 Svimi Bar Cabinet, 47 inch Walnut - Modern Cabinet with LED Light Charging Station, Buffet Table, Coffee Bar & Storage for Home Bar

-*-*-

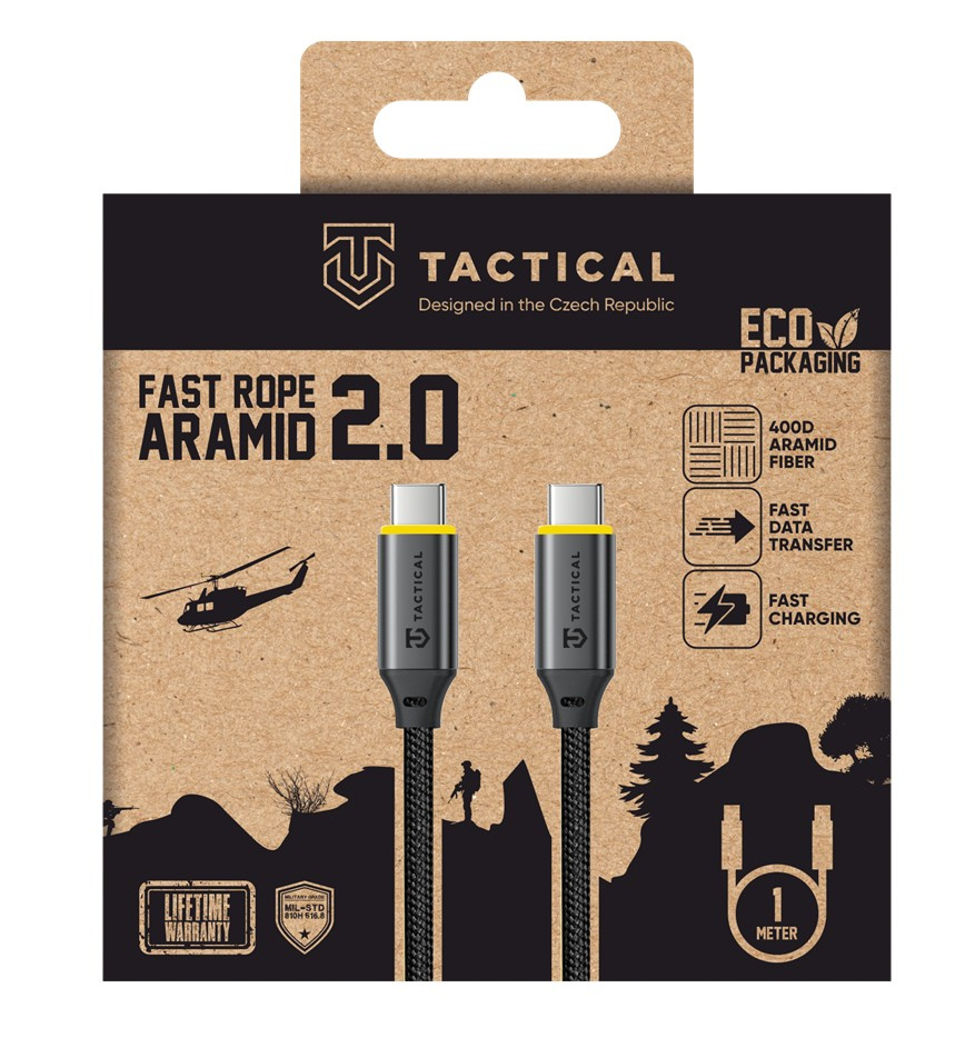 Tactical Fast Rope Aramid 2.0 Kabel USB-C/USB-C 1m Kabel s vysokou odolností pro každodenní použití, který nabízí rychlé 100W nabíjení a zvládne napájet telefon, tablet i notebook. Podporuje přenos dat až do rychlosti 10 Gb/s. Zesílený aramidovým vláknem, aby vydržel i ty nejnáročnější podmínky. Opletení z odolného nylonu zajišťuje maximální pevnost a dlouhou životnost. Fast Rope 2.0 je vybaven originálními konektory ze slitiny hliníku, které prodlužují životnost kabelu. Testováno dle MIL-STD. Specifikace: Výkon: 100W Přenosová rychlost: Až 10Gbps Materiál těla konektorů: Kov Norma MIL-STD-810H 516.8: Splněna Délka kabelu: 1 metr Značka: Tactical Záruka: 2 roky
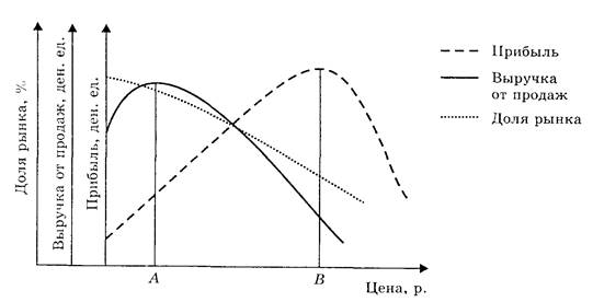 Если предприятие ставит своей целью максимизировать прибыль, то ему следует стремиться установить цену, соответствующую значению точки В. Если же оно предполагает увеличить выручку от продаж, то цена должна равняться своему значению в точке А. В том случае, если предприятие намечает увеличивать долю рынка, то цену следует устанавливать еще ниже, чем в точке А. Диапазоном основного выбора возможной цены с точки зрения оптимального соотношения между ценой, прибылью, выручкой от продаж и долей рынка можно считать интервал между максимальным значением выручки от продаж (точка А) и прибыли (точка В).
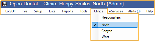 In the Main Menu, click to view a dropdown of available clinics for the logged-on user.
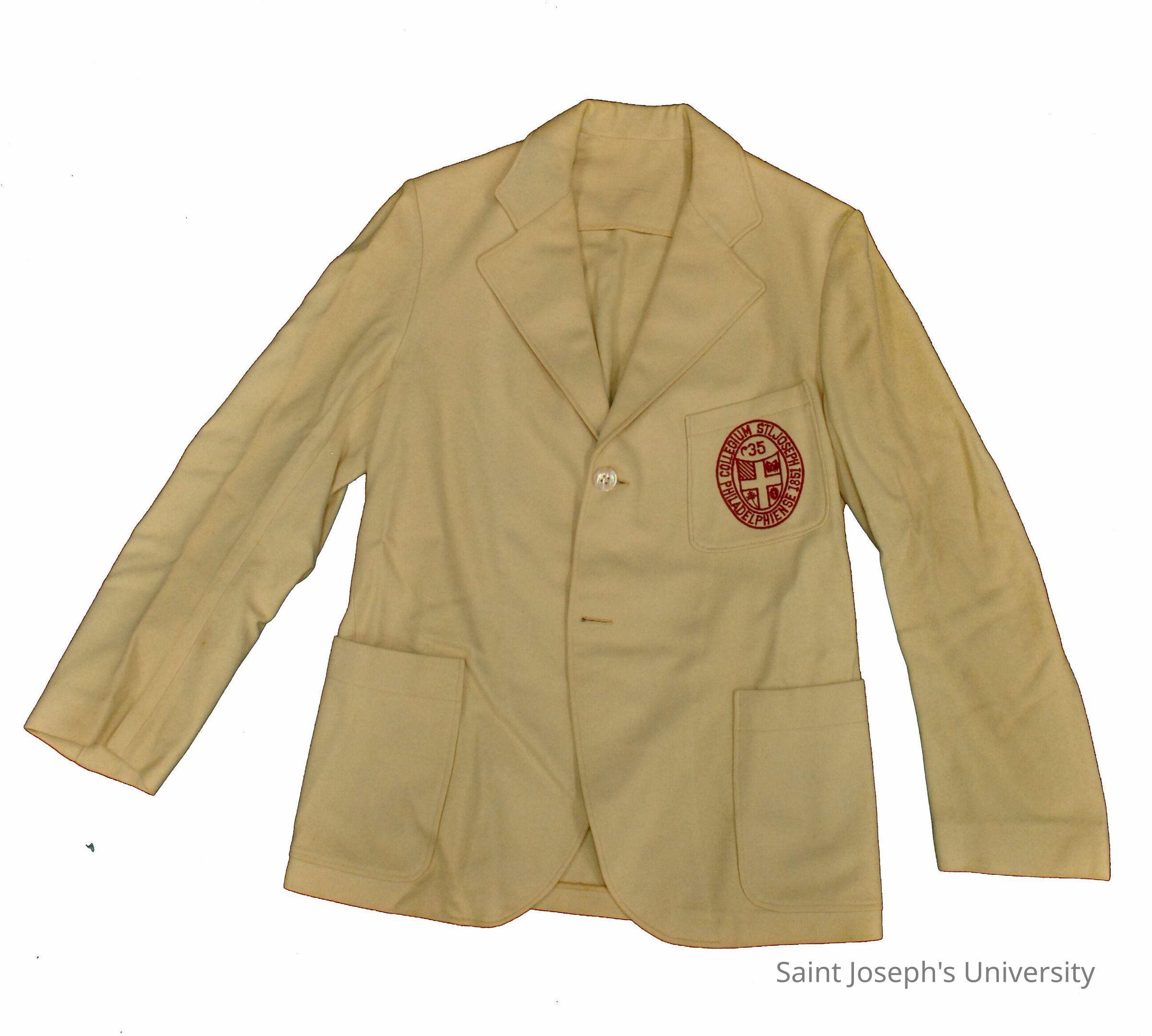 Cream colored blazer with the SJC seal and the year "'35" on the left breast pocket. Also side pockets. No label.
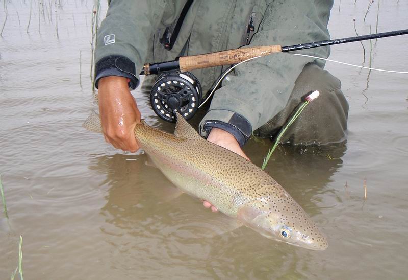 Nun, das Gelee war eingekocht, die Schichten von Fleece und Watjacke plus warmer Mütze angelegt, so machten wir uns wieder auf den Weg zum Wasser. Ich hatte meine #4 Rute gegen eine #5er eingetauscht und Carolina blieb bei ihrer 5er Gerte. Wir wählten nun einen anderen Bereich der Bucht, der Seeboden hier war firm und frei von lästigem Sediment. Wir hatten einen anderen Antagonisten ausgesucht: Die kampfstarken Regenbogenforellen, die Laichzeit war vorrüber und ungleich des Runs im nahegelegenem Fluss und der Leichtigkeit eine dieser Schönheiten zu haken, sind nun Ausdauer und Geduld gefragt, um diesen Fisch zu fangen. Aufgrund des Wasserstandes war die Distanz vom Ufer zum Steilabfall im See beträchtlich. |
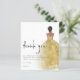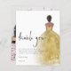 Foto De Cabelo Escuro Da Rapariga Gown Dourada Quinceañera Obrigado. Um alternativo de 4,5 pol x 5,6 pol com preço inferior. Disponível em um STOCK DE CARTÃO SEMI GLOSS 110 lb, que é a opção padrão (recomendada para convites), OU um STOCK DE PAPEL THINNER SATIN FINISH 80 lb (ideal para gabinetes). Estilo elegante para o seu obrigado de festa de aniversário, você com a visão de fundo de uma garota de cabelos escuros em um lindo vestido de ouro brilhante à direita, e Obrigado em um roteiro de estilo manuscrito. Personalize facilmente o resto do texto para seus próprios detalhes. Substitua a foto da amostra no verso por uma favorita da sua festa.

-*-*-

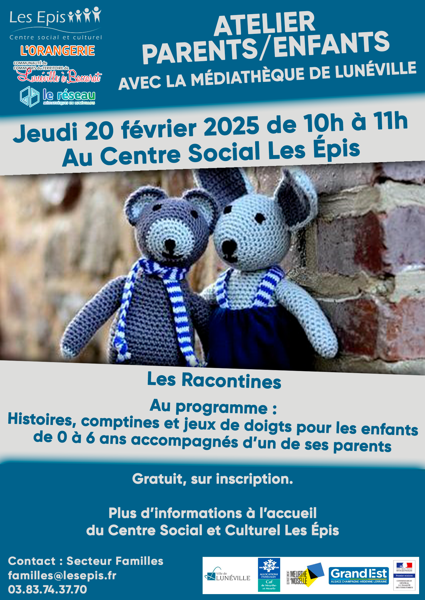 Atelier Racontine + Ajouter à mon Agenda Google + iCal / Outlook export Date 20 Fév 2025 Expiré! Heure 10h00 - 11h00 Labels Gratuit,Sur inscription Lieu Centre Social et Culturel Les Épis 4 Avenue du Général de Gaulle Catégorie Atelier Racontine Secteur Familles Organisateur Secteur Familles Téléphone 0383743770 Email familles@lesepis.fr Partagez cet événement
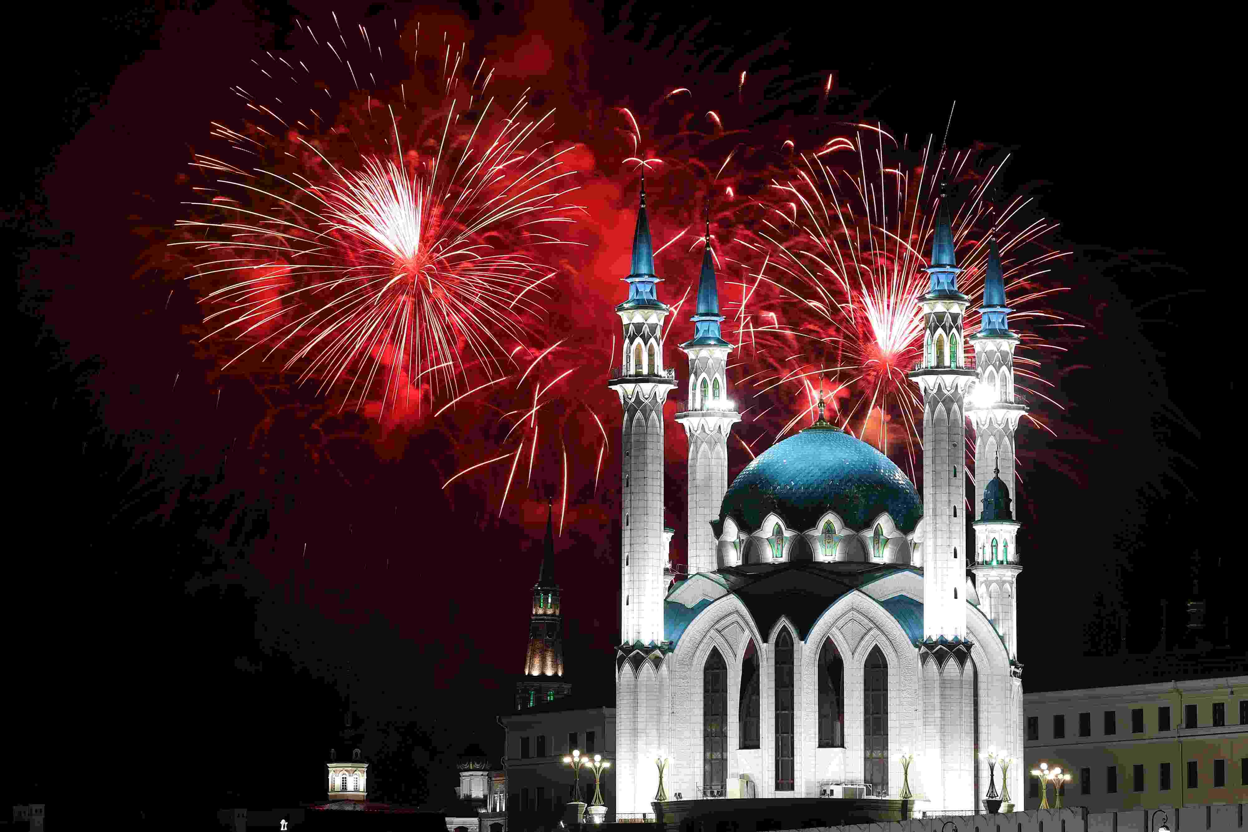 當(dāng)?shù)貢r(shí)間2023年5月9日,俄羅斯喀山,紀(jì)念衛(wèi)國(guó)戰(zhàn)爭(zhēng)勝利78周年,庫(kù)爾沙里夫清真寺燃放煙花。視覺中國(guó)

-*-*-

### What is required
Working from the records above, set down word for word everything from the line containing "In the Main" down to the line containing "Cream colored blazer", ends included, minus the pictures.

### Reply to the exercise
 In the Main Menu, click to view a dropdown of available clinics for the logged-on user.
 Cream colored blazer with the SJC seal and the year "'35" on the left breast pocket. Also side pockets. No label.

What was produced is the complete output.